The right to make statements like this without fear of deportation, or accusations of being a meddling foreigner, was part of what got Winkler, after more than 20 years as a foreigner, to give up his US passport for a Taiwanese one, in 2003.
It's a right he exercises in countless meetings, speaking to vast congregations or a single legislator in soft Mandarin, making a point of referring to "we Taiwanese."
He had romantic reasons for becoming Taiwanese as well. Having a US passport, and the ability to leave "if things get bad," is like being "in two places at once," and he wanted to be fully here, where he had spent half his life, built his career and met his wife, a Taiwanese-born publisher.
And, of course, there was Taiwan's environment, hectare for hectare one of the most diverse in the world. He had always loved it, down to the rain and humidity. When he first came to Taipei nearly 30 years ago, the capital's verdant surroundings were one of his chief reasons for staying.
Like the first Western environmentalists, Winkler is motivated by love. He believes that it is simply wrong to profit at the expense of the environment and the other beings that inhabit the Earth or future generations of inhabitants.

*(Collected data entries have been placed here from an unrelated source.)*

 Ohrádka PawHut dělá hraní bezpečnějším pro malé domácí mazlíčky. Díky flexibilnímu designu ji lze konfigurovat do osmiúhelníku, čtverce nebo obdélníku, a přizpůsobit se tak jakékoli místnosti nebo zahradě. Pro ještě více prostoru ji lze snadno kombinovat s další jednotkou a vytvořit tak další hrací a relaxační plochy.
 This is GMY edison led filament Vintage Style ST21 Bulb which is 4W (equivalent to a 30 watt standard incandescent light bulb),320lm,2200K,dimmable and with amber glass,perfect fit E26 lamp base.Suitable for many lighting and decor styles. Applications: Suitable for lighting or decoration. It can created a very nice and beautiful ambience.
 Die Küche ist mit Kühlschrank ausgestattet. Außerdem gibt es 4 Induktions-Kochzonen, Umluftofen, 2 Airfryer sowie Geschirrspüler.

He quotes the 2002 Basic Environment Act "almost like poetry":
"'Sustainable development' means satisfying contemporary needs without sacrificing the ability of future generations to satisfy their needs ... . In the event that economic, technological or social development has a seriously negative impact on the environment or there is concern of endangering the environment, the protection of the environment shall prevail."

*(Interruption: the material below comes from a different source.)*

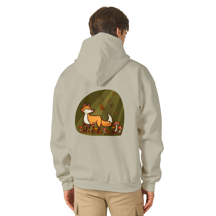 Худи оверсайз «Лиса в осеннем лесу, осенние листья и гриб мухомор»
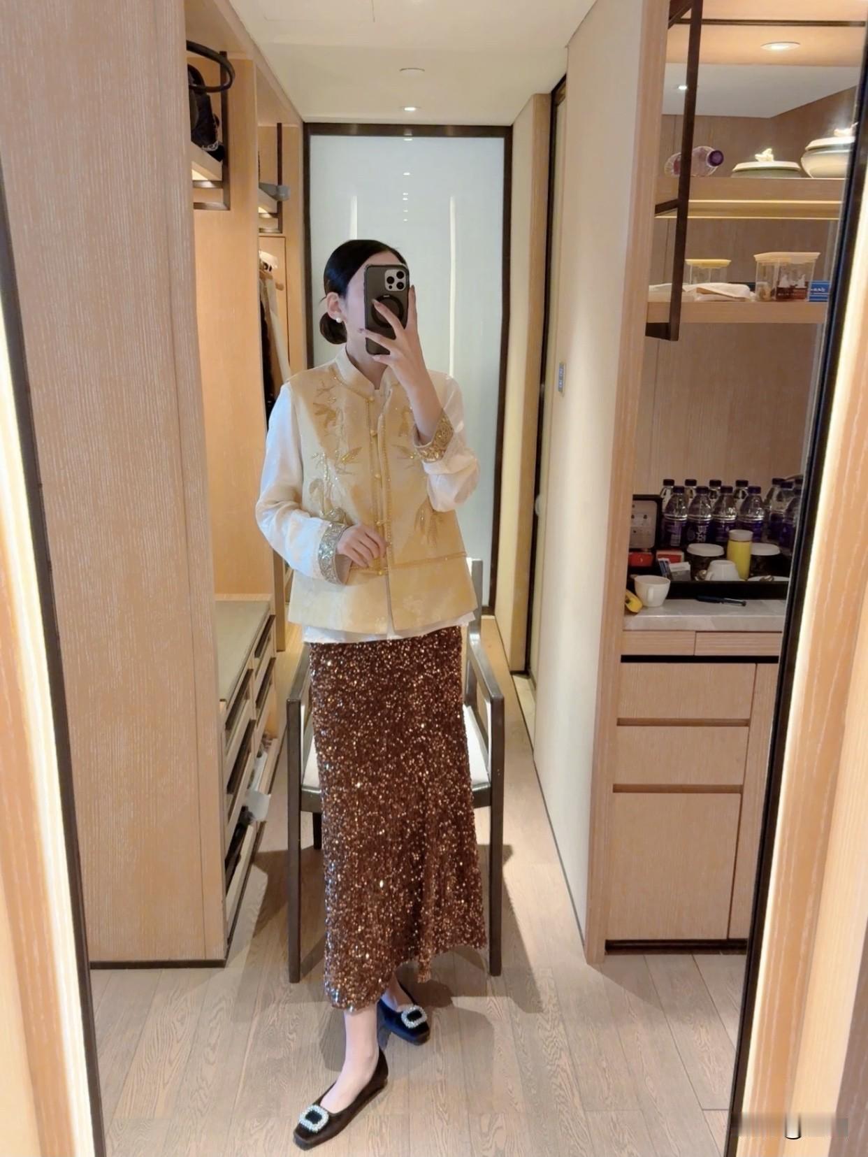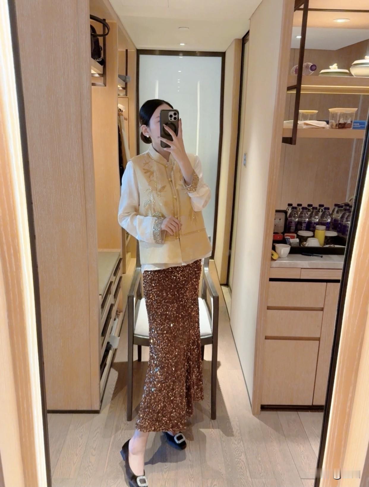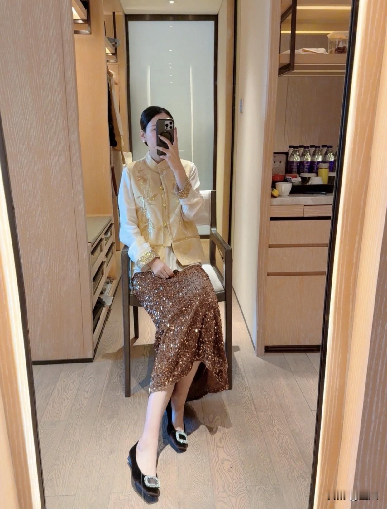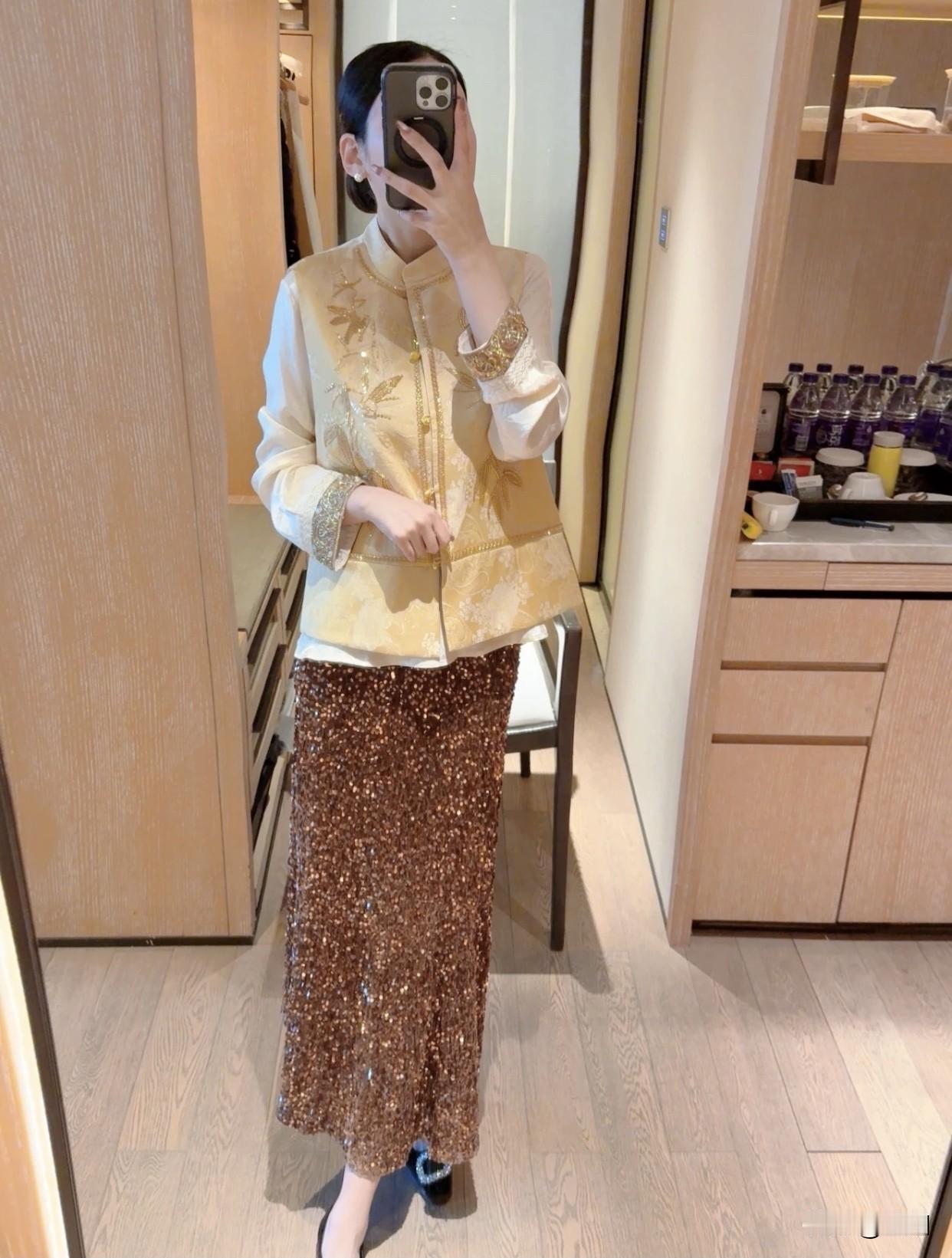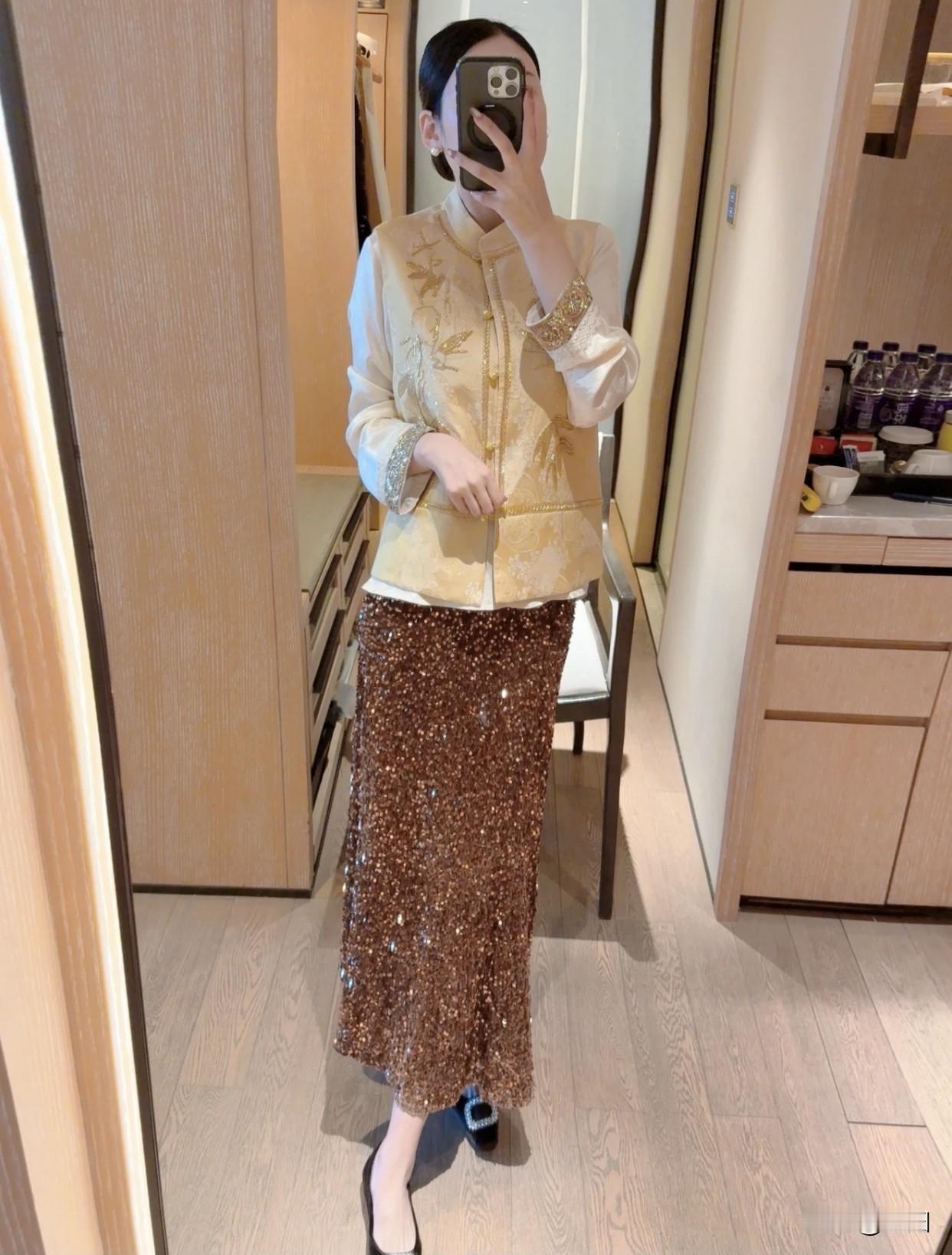有哪些令人眼前一亮的裙装穿搭优雅复古风,金色刺绣上衣搭配闪亮长裙,尽显华丽气质!

Those words represent a victory of sorts, but after what he sees as the Democratic Progressive Party's neglect of its roots in the environmental movement, he doubts that any government can live up to them — at least not as long as business, in its current form, remains Taiwan's lifeline to the international community.
The opinion of the international community is no less dreary. Taiwan did terribly in Columbia and Yale universities' 2005 Environmental Sustainability Index, for example. One of the organizers admitted the ranking was probably harsh, but "where there's smoke, there's fire," Winkler said. And there is a lot of smoke in Taiwan. Of 146 countries surveyed, only North Korea fared worse.